His co-author, Dr. Cinnella, is a Professor of Aerospace Engineering at MSU.
February 6, 2007:
Dr. Song Zhang, Assistant Professor of Computer Science and Engineering, has had two abstracts accepted for presentation at the Annual Meeting of the International Society for Magnetic Resonance in Medicine to be held in May in Berlin, Germany.
Zhang, Song, and David Laidlaw, "Template-Based Automatic DTI Fiber Bundle Labeling"
Clayden, Jon, Song Zhang, Stephen Sorreia, and David Laidlaw, "Fine-Grained Comparison of Anisotropy Differences between Groups of White Matter Tracts"

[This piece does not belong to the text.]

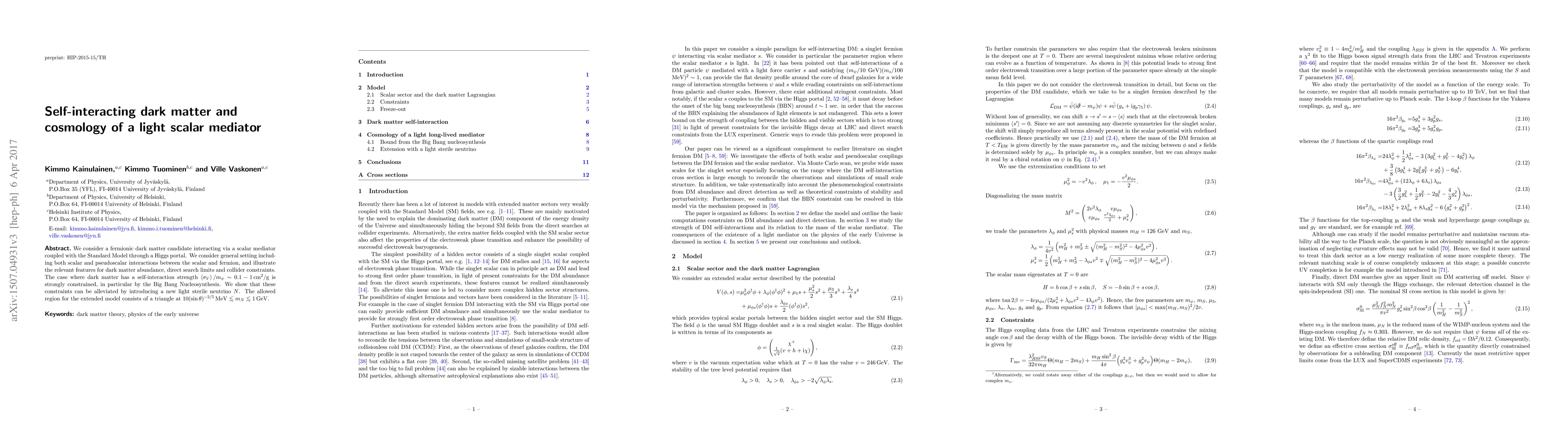We consider a fermionic dark matter candidate interacting via a scalar mediator coupled with the Standard Model through a Higgs portal. We consider general setting including both scalar and pseudoscalar interactions between the scalar and fermion, and illustrate the relevant features for dark matter abundance, direct search limits and collider constraints. The case where dark matter has a self-interaction strength $\left\langle \sigma_V \right\rangle/m_\psi \sim 0.1-1 \,\mathrm{cm}^2/\mathrm{g}$ is strongly constrained, in particular by the Big Bang Nucleosynthesis. We show that these constraints can be alleviated by introducing a new light sterile neutrino $N$. The allowed region for the extended model consists of a triangle at $10 (\sin \theta)^{-2/5} \,{\rm MeV} \lesssim m_N \lesssim 1\,{\rm GeV}$.

Jon Clayden is a Ph.D. student in the School of Informatics at the University of Edinburgh. Stephen Correia is an assistant professor at Brown Medical School. David Laidlaw is an associate professor in the Department of Computer Science at Brown University.
January 30, 2007:
Christopher Waters, Jonathan Howell, and Dr. T.J. Jankun-Kelly have been informed that their paper "CluVis: Dual-Domain Visual Exploration of Cluster/Network Metadata (Special Session on Computer Security)" has been accepted for publication and presentation at the ACM Southeast 2007 Conference to be held March 23-24 in Winston-Salem, NC.

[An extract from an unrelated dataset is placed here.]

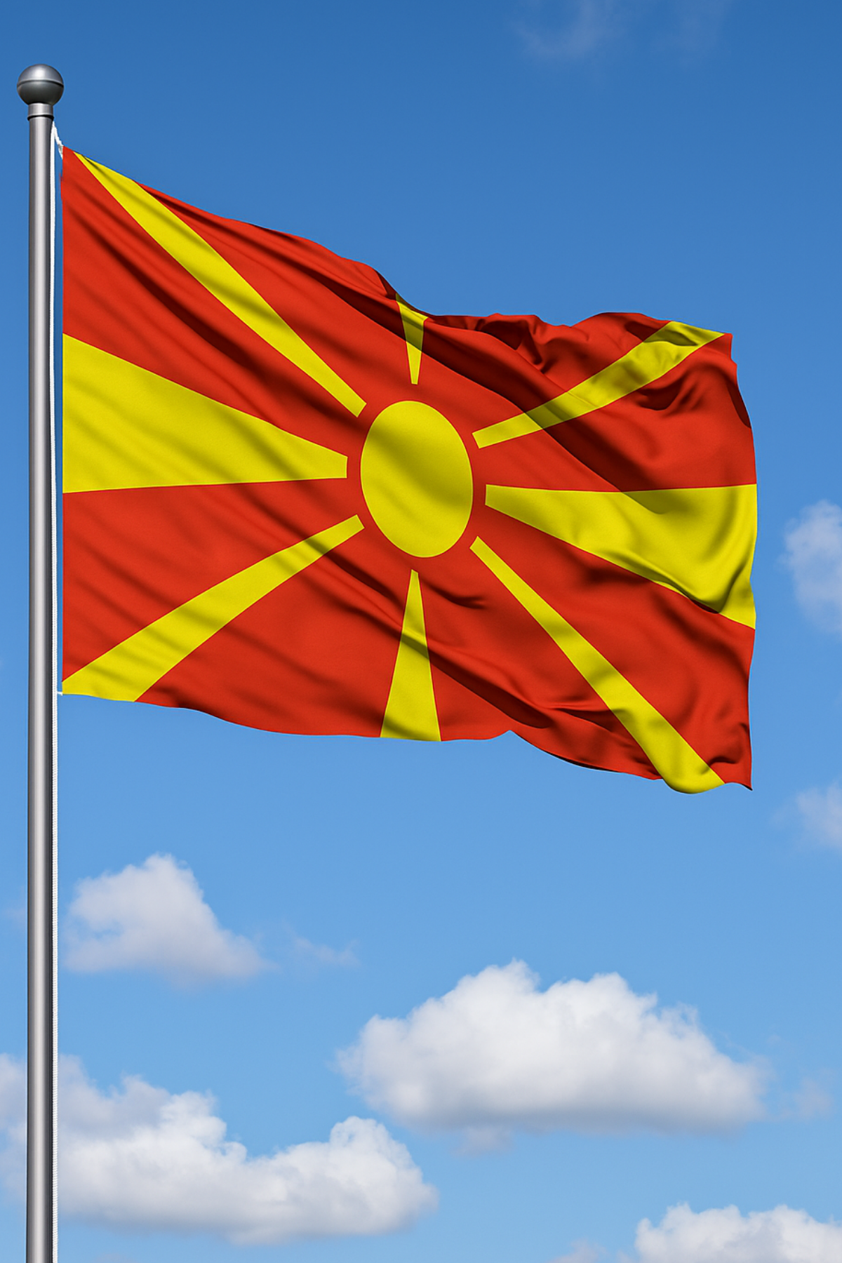 Birinci sınıf Raşel kumaş bayrağımızla Kuzey Makedonya ruhunu kutlayın. Dış mekan dayanıklılığı ve görsel etki için tasarlanan bu bayrak, resmi törenler, okullar, etkinlikler veya vatanseverlik gösterileri için mükemmeldir.

Chris and Jonathan are Master of Science students in Computer Science. Dr.Jankun-Kelly is an assistant professor in the Department of Computer Science and Engineering.
January 30, 2007:
Byron Williams, a Ph.D. student in computer science, was awarded 1st Place in the 2007 Alliance for Graduate Education in Mississippi (AGEM) Research Presentation Competition in the Computer & Information Sciences, Mathematics, and Engineering Division. The presentation was based on NSF-funded research conducted under the advisement of Dr. Jeffrey Carver entitled "Characterizing Software Architecture Changes: An Initial Study". AGEM holds an annual research symposium with over 400 in attendance in support of its mission of tripling the number of doctoral students from underrepresented groups receiving Ph.D.s in science, technology, engineering, and mathematics (STEM).
January 23, 2007:
Dr. Edward Allen has accepted an invitation to join the editorial board of Software Quality Journal, published by Springer. The SQJ publishes papers on research and practice directed towards improving and assessing software quality.
January 22, 2007:
Dr. Jeffrey Carver has accepted an invitation to join the Editorial Board of the Software Quality Journal (http://www.springer/journal/11219), published by Springer.

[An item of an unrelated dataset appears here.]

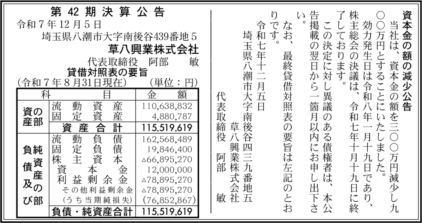 | 会社名 | 草八興業株式会社 |

The Software Quality Journal publishes papers on research and practice directed towards improving and assessing software quality. Quality software is a software that is reliable and easy to use, maintain, adapt, test, etc.
The journal publishes articles on software product and process quality evaluation and improvement. Such articles may involve software metrics, testing, verification and inspections, reliability, maintainability, quality models, reuse, etc. The SQJ publishes both analytical and empirical studies.
January 22, 2007:
Dr. Changhe Yuan has accepted an invitation to be a member of the program committee for the Thirteenth International Conference on Distributed Multimedia Systems & International Workshop on Distance Education Technologies. This conference will be held in San Francisco from September 6-8.
January 22, 2007:
Dr. Jeff Carver has accepted an invitation to speak to the Department of Computer Science at the University of Alabama on January 26,2007.
January 9, 2007:
The following article was published in the September issue of the Journal of Digital Forensic Practice:
McRae, C., McGrew, R. and Vaughn, R., "Honey Tokens and Web Bugs: Developing Reactive Techniques for Investigating Phishing Scams," Journal of Digital Forensic Practice 1 (03), September 2006, pp. 193-199.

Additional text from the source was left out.